[Exercise description]: Output the full listing below exactly; the images stay out.

[Information shown]:
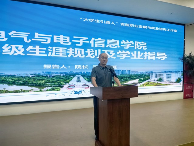 为进一步增强2023级学生的职业规划意识,明确职业目标、方向与路径,电气与电子信息学院于9月25日晚上7点,在西华大学五食堂四楼大厅隆重举办了职业规划及学业指导大会。2023级全体本科生及辅导员均参与此次大会,并由电气与电子信息学院院长雷霞担任主讲嘉宾,学院党委副书记郭忠林出席会议并发表讲话。
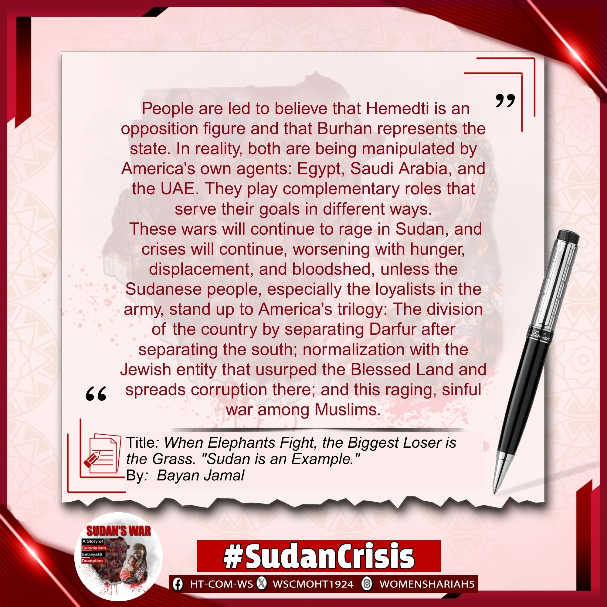 It is part of a global campaign launched by the Women’s Section in the Central Media Office of Hizb ut Tahrir entitled, "Sudan's War: A Story of Colonialism, Betrayal & Deception" that aims to bring an international spotlight on the deteriorating humanitarian catastrophe afflicting the Muslims of Sudan as a result of the current conflict plaguing the country which has been labelled the "Forgotten War"
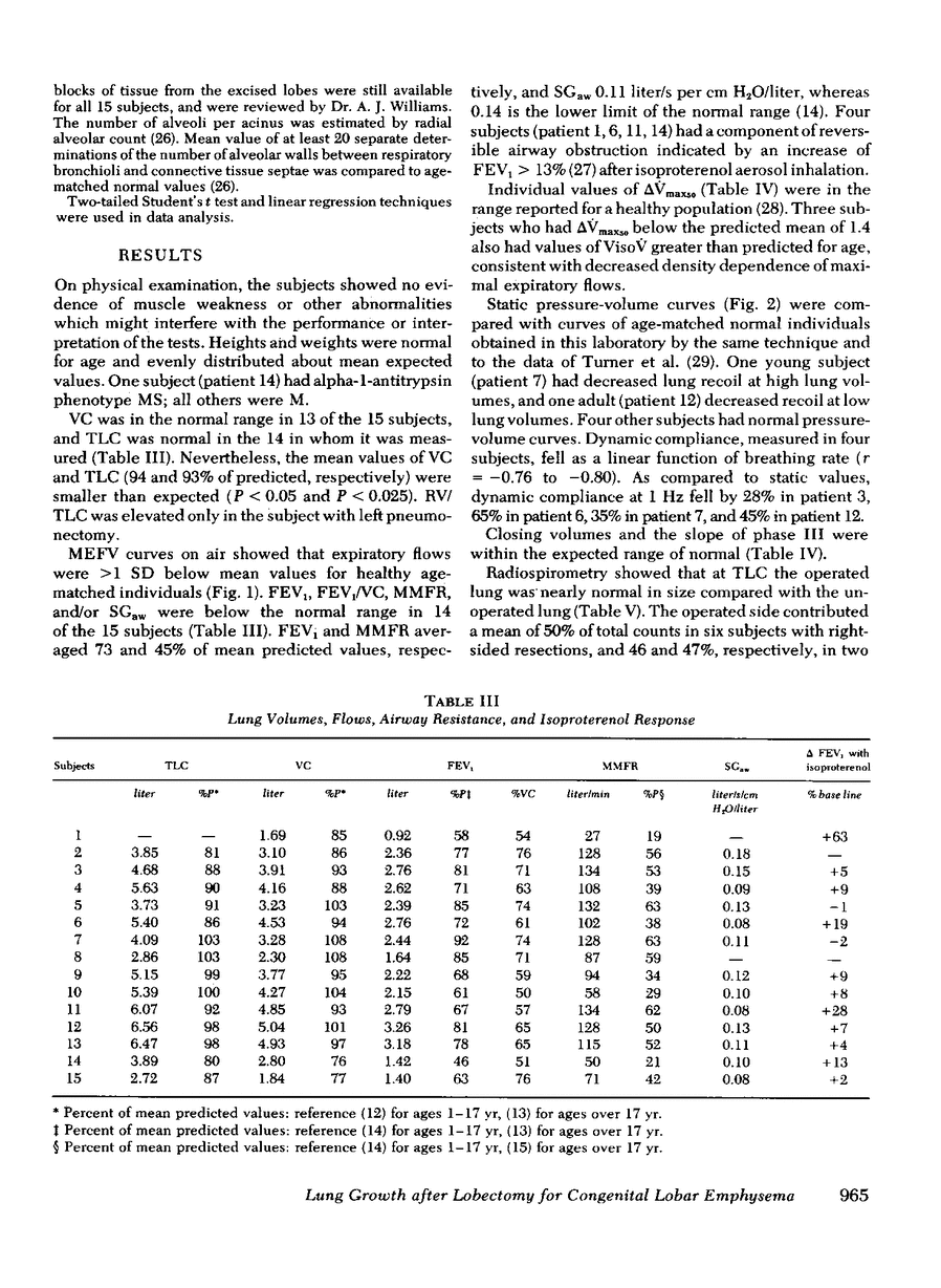 To characterize the outcome of lobectomy in infancy and the low expiratory flows which persist after lobectomy for congenital lobar emphysema, 15 subjects with this history were studied at age 8-30 yr. Total lung capacity was normal in all, but higher values (P < 0.05) were observed in nine subjects with upper lobectomy than in five subjects with right middle lobectomy. Ratio of residual volume to total lung capacity was correlated (P < 0.05) with the amount of lung missing as estimated from normal relative weights of the respective lobes. Xe133 radiospirometry in eight subjects showed that the operated and unoperated sides had nearly equal volumes at total lung capacity, but that the operated side was larger than the unoperated side at residual volume. Perfusion was equally distributed between the two sides. Similar findings were detected radiographically in four other subjects. Forced expiratory volume in 1 s and maximal midexpiratory flow rate averaged 72 and 45% of predicted, respectively. Low values of specific airway conductance and normal density dependence of maximal flows in 12 subjects suggested that obstruction was not limited to peripheral airways. Pathologic observations at the time of surgery and morphometry of the resected lobes were not correlated with any test of pulmonary function.

[Task output]:
 为进一步增强2023级学生的职业规划意识,明确职业目标、方向与路径,电气与电子信息学院于9月25日晚上7点,在西华大学五食堂四楼大厅隆重举办了职业规划及学业指导大会。2023级全体本科生及辅导员均参与此次大会,并由电气与电子信息学院院长雷霞担任主讲嘉宾,学院党委副书记郭忠林出席会议并发表讲话。
 It is part of a global campaign launched by the Women’s Section in the Central Media Office of Hizb ut Tahrir entitled, "Sudan's War: A Story of Colonialism, Betrayal & Deception" that aims to bring an international spotlight on the deteriorating humanitarian catastrophe afflicting the Muslims of Sudan as a result of the current conflict plaguing the country which has been labelled the "Forgotten War"
 To characterize the outcome of lobectomy in infancy and the low expiratory flows which persist after lobectomy for congenital lobar emphysema, 15 subjects with this history were studied at age 8-30 yr. Total lung capacity was normal in all, but higher values (P < 0.05) were observed in nine subjects with upper lobectomy than in five subjects with right middle lobectomy. Ratio of residual volume to total lung capacity was correlated (P < 0.05) with the amount of lung missing as estimated from normal relative weights of the respective lobes. Xe133 radiospirometry in eight subjects showed that the operated and unoperated sides had nearly equal volumes at total lung capacity, but that the operated side was larger than the unoperated side at residual volume. Perfusion was equally distributed between the two sides. Similar findings were detected radiographically in four other subjects. Forced expiratory volume in 1 s and maximal midexpiratory flow rate averaged 72 and 45% of predicted, respectively. Low values of specific airway conductance and normal density dependence of maximal flows in 12 subjects suggested that obstruction was not limited to peripheral airways. Pathologic observations at the time of surgery and morphometry of the resected lobes were not correlated with any test of pulmonary function.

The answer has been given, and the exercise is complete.